→ Task objective
All of the listing should be output exactly, apart from the pictures.

→ The data
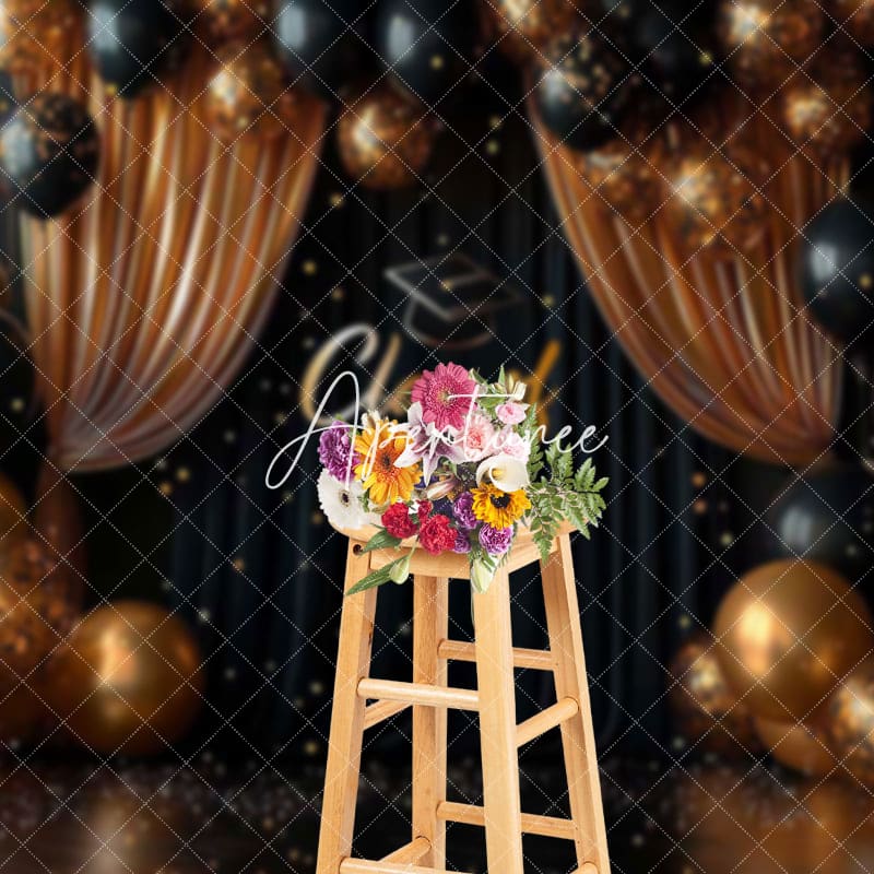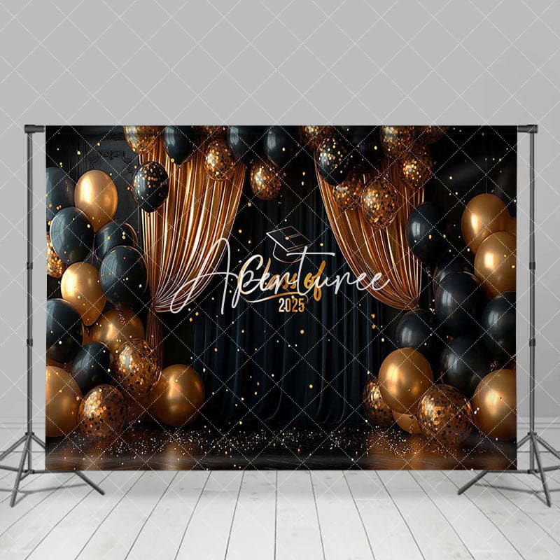 Aperturee Gold Black Curtain Balloons Class of 2025 Backdrop
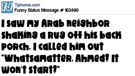 X says I saw my Arab neighbor shaking a rug off his back porch. I called him out "Whatsamatter, Ahmed? It won't start?"
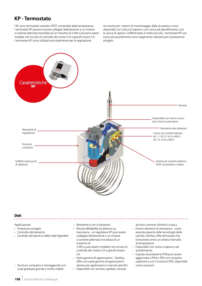 I KP sono termostati unipolari SPDT comandati dalla temperatura.
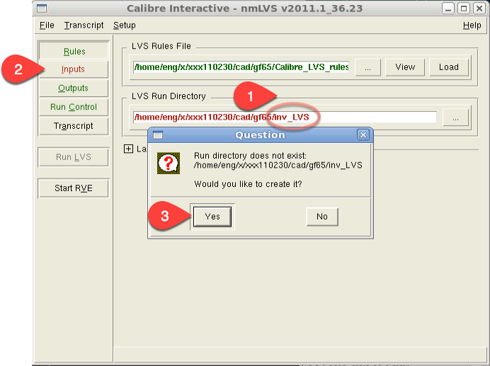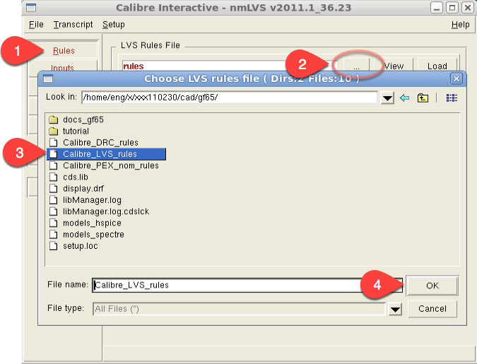 Click Rules tab first, LVS Rules File is located in the gf65 folder in your home directory, named Calibre_LVS_rules

→ Answer to this problem
 Aperturee Gold Black Curtain Balloons Class of 2025 Backdrop
 X says I saw my Arab neighbor shaking a rug off his back porch. I called him out "Whatsamatter, Ahmed? It won't start?"
 I KP sono termostati unipolari SPDT comandati dalla temperatura.
 Click Rules tab first, LVS Rules File is located in the gf65 folder in your home directory, named Calibre_LVS_rules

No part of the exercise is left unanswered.